[WHAT THIS TASK INVOLVES]
Transcribe all data verbatim. Skip the pictures.

[DATA]
==*==
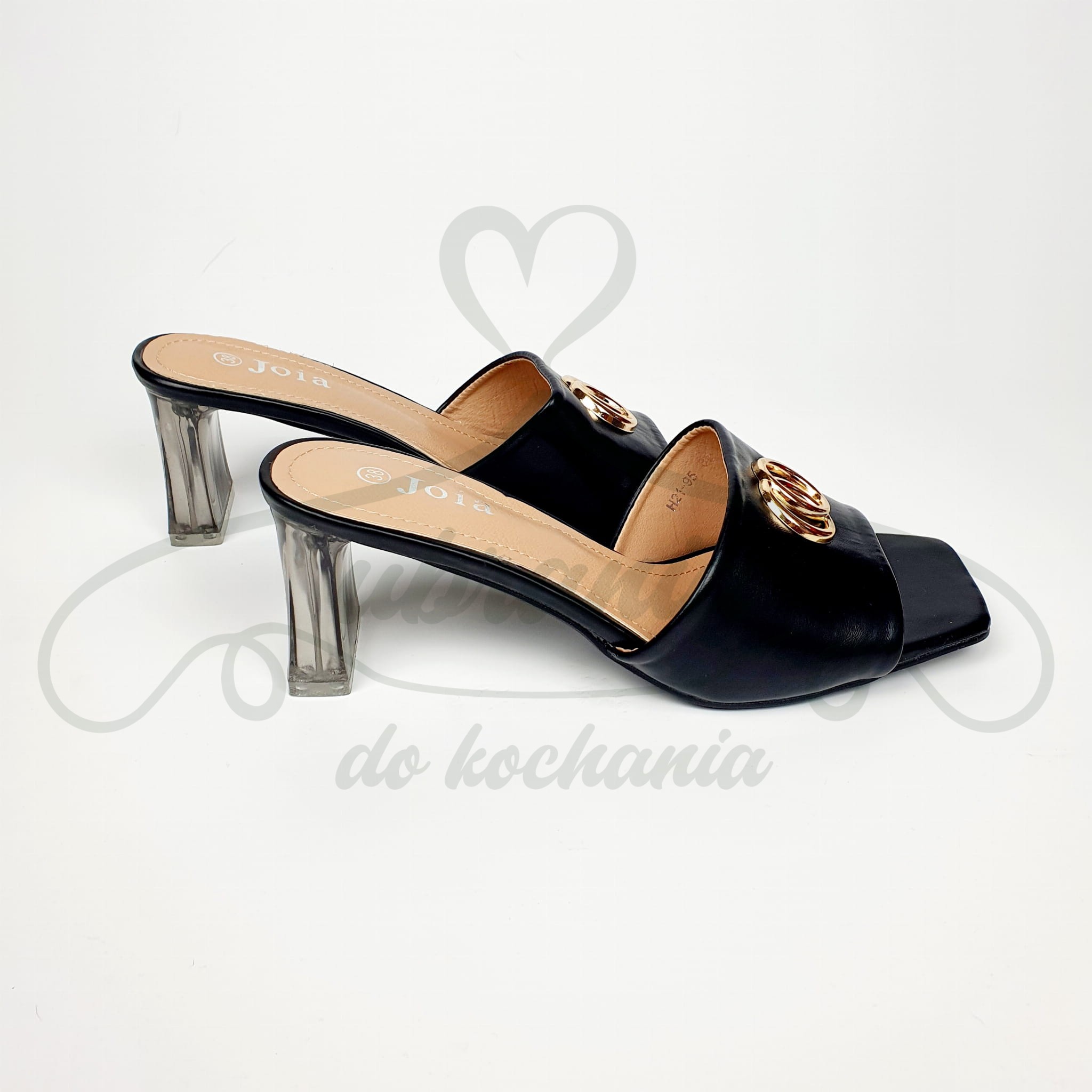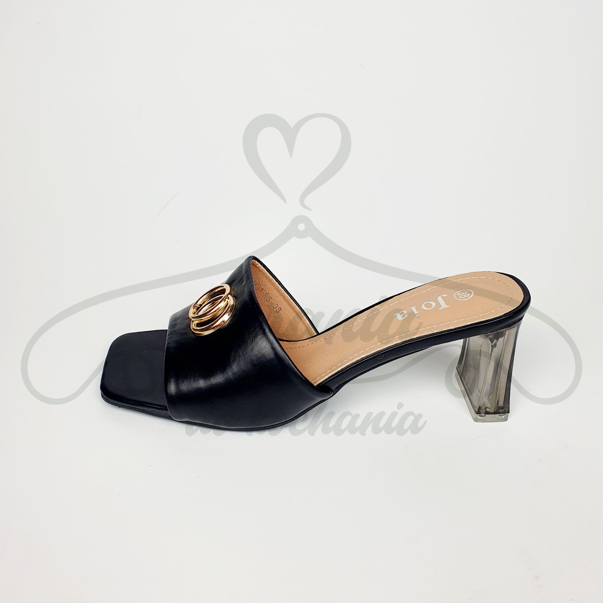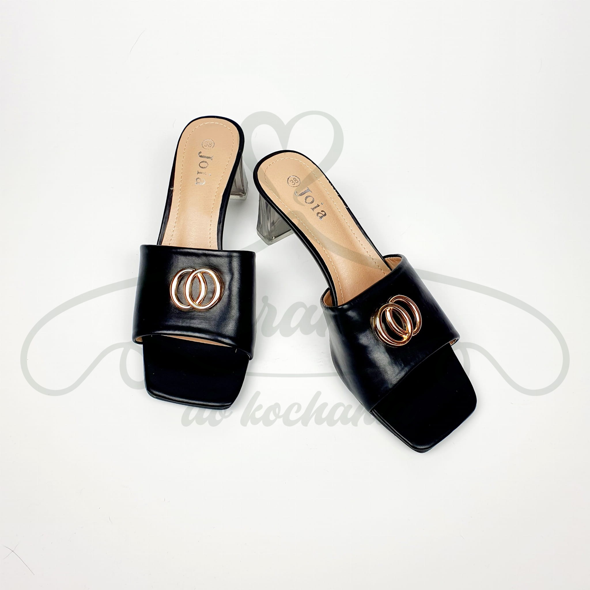 Eleganckie klapki w kolorze czarnym na transparentnym obcasie o oryginalnym kształcie. Buty wykonane ze skóry ekologicznej i zdobione na przodzie złotymi kółkami. Bardzo wygodne a zarazem eleganckie i dodatkowego szyku dodaje im obcas na słupku wysokości 7 cm. Doskonale wydłużą nogi! Idealne do sukienek i spódnic.
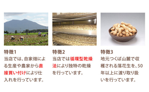自然豊かな桜川市の自家農場や契約栽培農家で生産された落花生を、当店工場で一貫生産しています。風味豊かな落花生をぜひご賞味ください。 【注意事項】 湿気厳禁 開封後は賞味期限にかかわらず、お早めにお召し上がりください。 ※お受け取り後は、すぐに状態をご確認ください。※ 万全を期して返礼品をお届けしていますが、万が一、不備等があった場合は返礼品受け取り時に、写真(画像)を添付のうえ電子メールにてご連絡ください。 日数が経ったものに関しましては対応いたしかねますので、ご了承ください。 また、不備等があった返礼品は食べたり、飲んだり、捨てたりせず、対応が決まるまで保管をお願いします。保管されてない場合、代替品での対応等が難しい場合がございます。 ご連絡先:sakuragawa@furusato-g.com
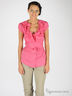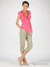 Приталенная блузка из легкого хлопка с перфорацией. Глубокий вырез, украшенный воланами. Застегивается на пуговицы спереди. Подвязывается тонким поясом.
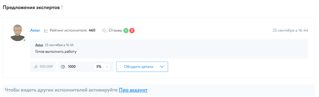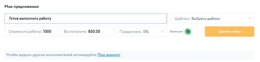 После этого, пользователь переходит на страницу заказа и делает ставку (сумму, в рамках которой он готов выполнить работу).
==*==
[EXERCISE SOLUTION]
 Eleganckie klapki w kolorze czarnym na transparentnym obcasie o oryginalnym kształcie. Buty wykonane ze skóry ekologicznej i zdobione na przodzie złotymi kółkami. Bardzo wygodne a zarazem eleganckie i dodatkowego szyku dodaje im obcas na słupku wysokości 7 cm. Doskonale wydłużą nogi! Idealne do sukienek i spódnic.
自然豊かな桜川市の自家農場や契約栽培農家で生産された落花生を、当店工場で一貫生産しています。風味豊かな落花生をぜひご賞味ください。 【注意事項】 湿気厳禁 開封後は賞味期限にかかわらず、お早めにお召し上がりください。 ※お受け取り後は、すぐに状態をご確認ください。※ 万全を期して返礼品をお届けしていますが、万が一、不備等があった場合は返礼品受け取り時に、写真(画像)を添付のうえ電子メールにてご連絡ください。 日数が経ったものに関しましては対応いたしかねますので、ご了承ください。 また、不備等があった返礼品は食べたり、飲んだり、捨てたりせず、対応が決まるまで保管をお願いします。保管されてない場合、代替品での対応等が難しい場合がございます。 ご連絡先:sakuragawa@furusato-g.com
 Приталенная блузка из легкого хлопка с перфорацией. Глубокий вырез, украшенный воланами. Застегивается на пуговицы спереди. Подвязывается тонким поясом.
 После этого, пользователь переходит на страницу заказа и делает ставку (сумму, в рамках которой он готов выполнить работу).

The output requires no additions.